Your analysis seems to assume that the common variance $\sigma^2$ is known and to use the normal distribution throughout. That works pretty well as long as the sample sizes are reasonably large. However, for smaller sample sizes--if the population variance is unknown--you'd need to use t tests and thus non-central t distributions for
power computations. [For details, see advanced applied statistics tests, google something like pooled t power noncentral
, or see this link.]
The effect size $\Delta = \delta - \delta_0,$ in your notation is important to power and sample size computation. (in applications, one often has $\delta_0 = 0.)$ You are correct it is $\Delta/\sigma$ that matters in the computation, where $\sigma^2$ is the common variance. You have stated that you want $\Delta/\sigma = 1/2.$
Here is Minitab output for 2-sided, pooled 2-sample t test at level
$\alpha = 0.05 = 5\%$ with $\sigma = 2, \Delta = 1.$ [Sample sizes
would be the same if I'd used $\sigma = 10, \Delta = 5.]$
Power and Sample Size
2-Sample t Test
Testing mean 1 = mean 2 (versus ≠)
Calculating power for mean 1 = mean 2 + difference
α = 0.05 Assumed standard deviation = 2
Sample Target
Difference Size Power Actual Power
1 64 0.8 0.801460
The sample size is for each group.

However, if $\sigma = \Delta,$ then the the required sample size is is only $n_1=n_2 = 17.$ [Power plot omitted.]
Power and Sample Size
2-Sample t Test
Testing mean 1 = mean 2 (versus ≠)
Calculating power for mean 1 = mean 2 + difference
α = 0.05 Assumed standard deviation = 1
Sample Target
Difference Size Power Actual Power
1 17 0.8 0.807037
The sample size is for each group.
Many statistical software programs have power and sample size procedures
for pooled 2-sample t tests. Because balanced designs with $n_1=n_2$ are
most efficient, they mostly assume equal sample sizes. (There are also online power and sample size calculators online; they may vary in accuracy and ease of use.)

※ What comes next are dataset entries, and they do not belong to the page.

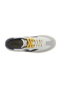 Baskets avec une tige en cuir blanc, des accents en suède gris, des détails noirs, des lacets jaunes et une semelle en caoutchouc texturée blanc cassé.
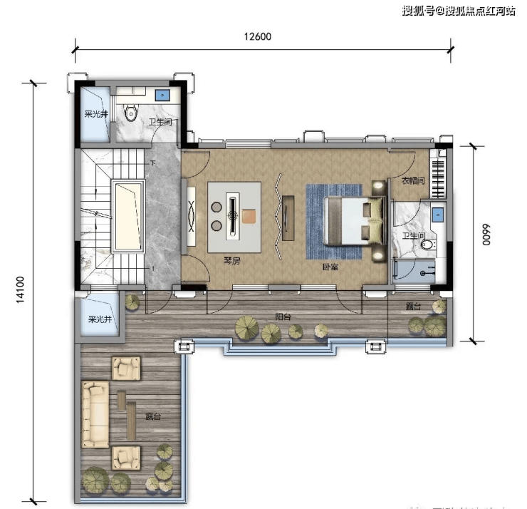 C1 建面约330㎡,露台面积约48㎡,可拓展最大面积约492㎡
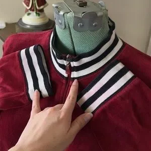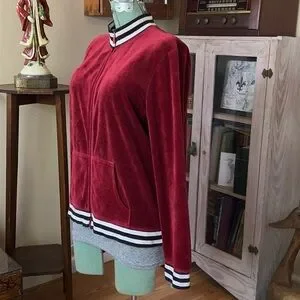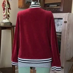 Red Velvet Velour Track Jacket Y2K Emo Soft Grunge Zip Up Striped Collar retro
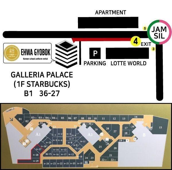 梨花制服(이화교복)は、蚕室ロッテワールド のすぐ隣にある韓国制服レンタル店です。

Also, you can easily simulate the power for given $\alpha, \sigma, \Delta,$
as shown below. [Technical details of R: The $
-notation can be used
to show just the P-value of a test; var.eq=T
does a pooled test; the
vector pv
has 100,000 P-values; the logical vector
pv <= .05
has 100,000 TRUE
s and FALSE
s and its mean
is its
]proportion of TRUE
s.] With 100,000 iterations, the power should be
accurate to two places. The power agrees with Minitab's value, about 81%.
set.seed(2021)
pv = replicate(10^5, t.test(rnorm(17,10,2),
rnorm(17,12,2), var.eq=T)$p.val)
mean(pv <= 0.05)
[1] 0.80728 $ simulated P-value
Finding the P-value for a Welch t test, which does not assume equal
variances is not so straightforward. So power and sample size
procedures for the Welch t test are not so widely available. However,
simulation works about as easily. In the following we assume $sigma_1 = 1.5, \sigma_2 = 2.5,$ and find the power of a Welch 2-sample t test.
The number of degrees of freedom is reduced for each individual test to allow for unequal sample variances, yielding
slightly lower power: about 78%.
set.seed(1234)
pv = replicate(10^5, t.test(rnorm(17,10,1.5),
rnorm(17,12,2.5))$p.val)
mean(pv <= 0.05)
[1] 0.77676
If you really need to use an unbalanced design with $n_1 \ne n_2$ you can use simulation to approximate power for that as well.